- by foxnews
- 17 Nov 2024
Moscow will launch a rescue vessel to the International Space Station next month to bring home three crew members who are in effect stuck in orbit after their original capsule was hit by a meteoroid.
The docked Soyuz MS-22 sprang a major leak last month, spraying radiator coolant into space and prompting a pair of cosmonauts to abort a planned spacewalk.
After deliberations, Roscosmos said it has decided to bring forward a planned March launch of the Soyuz MS-23 to 20 February so it can be used to transport the Russian cosmonauts Sergey Prokopyev and Dmitry Petelin and the US astronaut Francisco Rubio back to Earth.
MS-23 was initially planned to take up three crew members but will head up empty as a rescue vessel.

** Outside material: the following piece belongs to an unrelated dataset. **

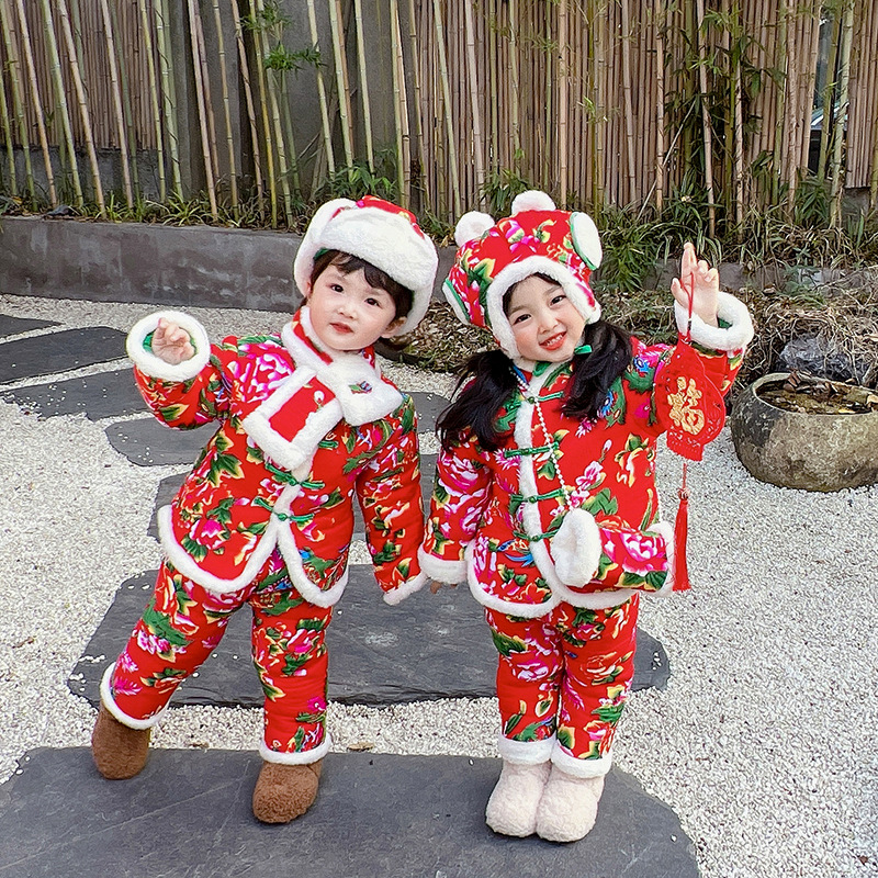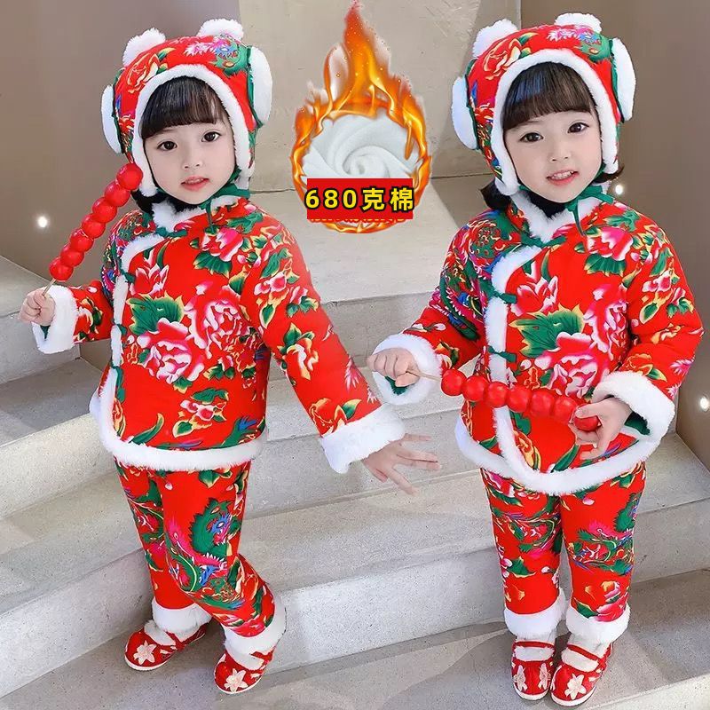 东北大花棉袄儿童手工套装宝宝冬季校服棉服女童加厚拜年男童

The Roscosmos chief, Yuri Borisov, did not say when Prokopyev, Petelin and Rubio would return to Earth in the backup Soyuz.

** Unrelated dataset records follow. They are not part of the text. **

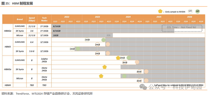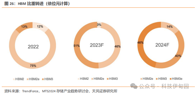 HBM迭代进程:2024年HBM2、HBM2e和3e的市场份额会发生比较明显的改变。 2023上半年主流还是HBM2e,但是因为H100的问世,下半年HBM3就成为市场主流,很快2024年就会进行到HBM3e,因为它堆叠的层数更高,所以平均单价一定要比现在再高20%-30%以上,所以它对产值的贡献会更明显。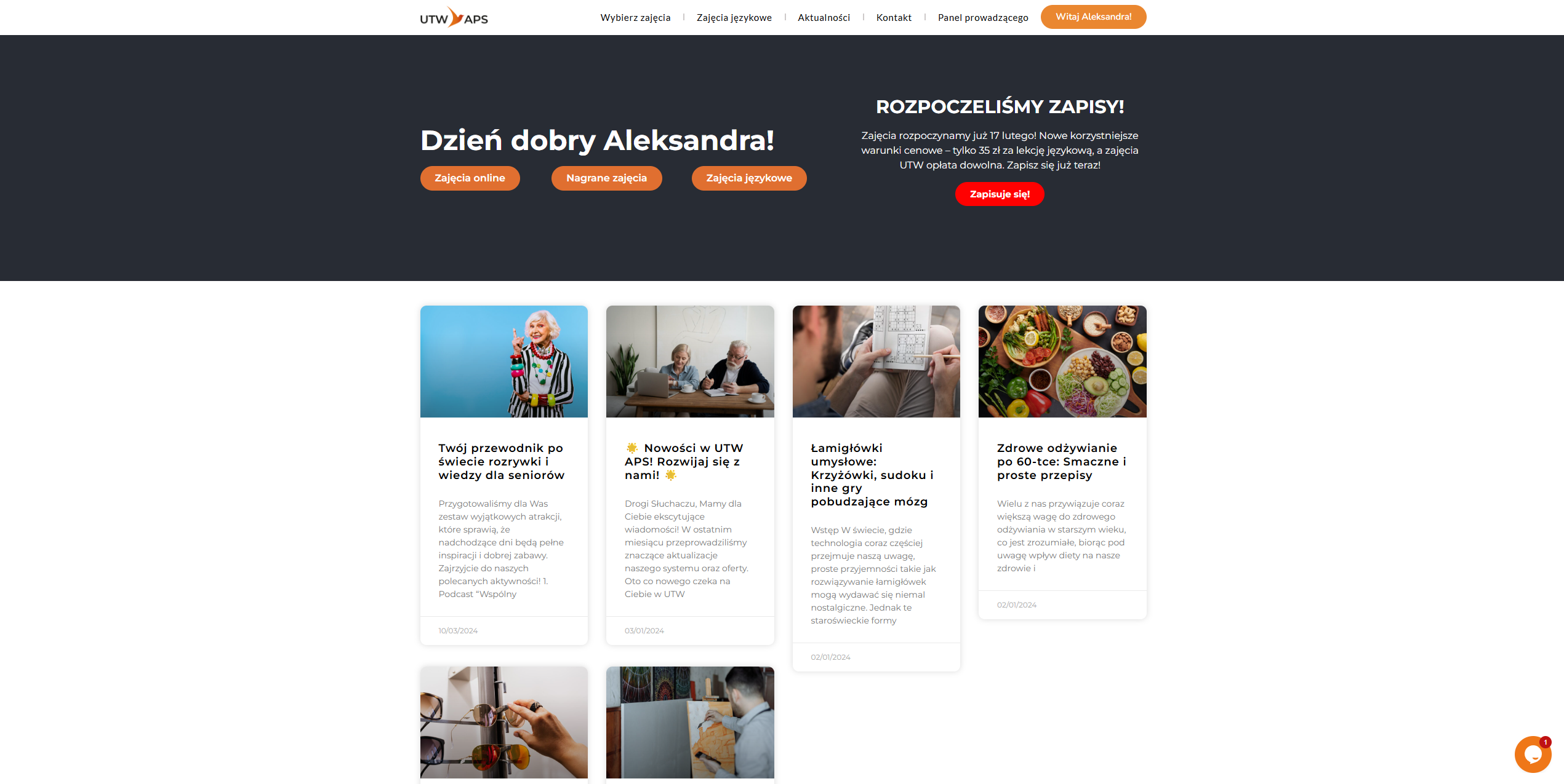 Uniwersytet Trzeciego Wieku APS to nowoczesna instytucja edukacyjna działająca na rzecz osób 50+. Z roku na rok oferta UTW staje się coraz bardziej rozbudowana, a potrzeby słuchaczy – bardziej cyfrowe. Naszym zadaniem było stworzenie funkcjonalnej, przejrzystej i przyjaznej seniorom platformy internetowej, która będzie obsługiwać cały proces edukacyjny – od zapisów i płatności, przez materiały i lekcje, aż po sprzedaż produktów cyfrowych.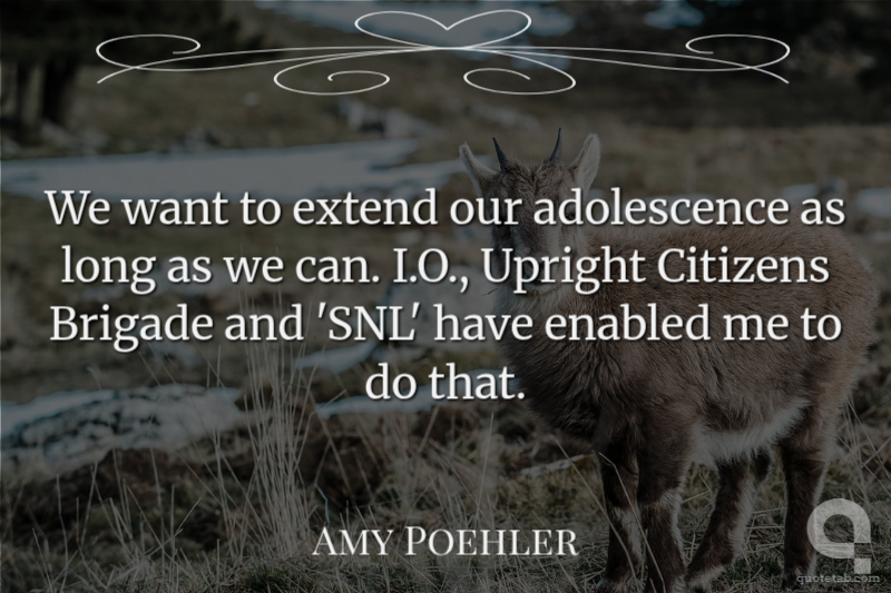 We want to extend our adolescence as long as we can. I.O., Upright Citizens Brigade and 'SNL' have enabled me to do that. Amy Poehler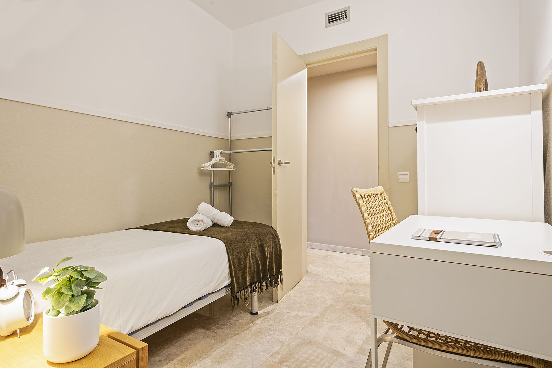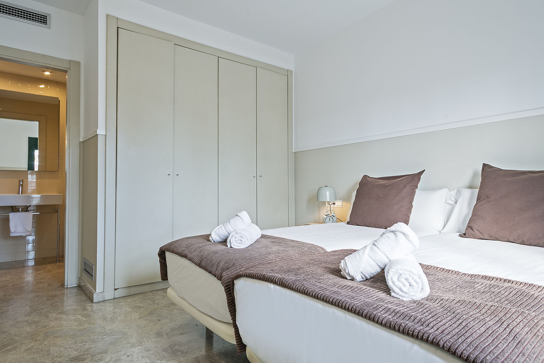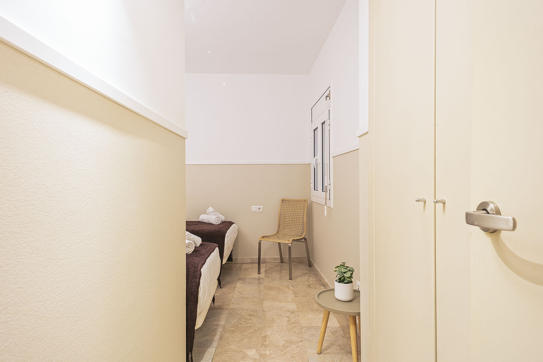 O apartamento consiste numa quarto duplo com varanda e casa de banho privativa, um quarto individual com um pequeno pátio privado, e dois quartos duplos que dispõem de duas camas individuais que podem ser utilizadas para uma ou duas pessoas.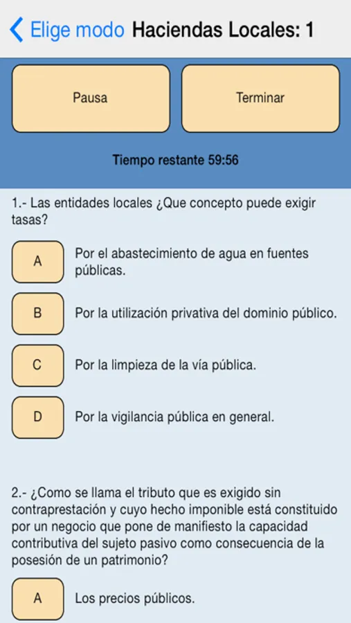 - Dos modos de realizar un mismo test (modo de respuesta instantánea o modo examen).

The damaged MS-22 will return without a crew once its replacement arrives, Roscosmos added.
Roscosmos said the diameter of the micrometeoroid that hit the docked Soyuz was tiny, creating a hole in the capsule that was only 1mm in diameter. It caused significant damage, with Nasa TV images showing white particles resembling snowflakes streaming out of the rear.
Space has remained a rare area of cooperation between Moscow and Washington since Russia invaded Ukraine.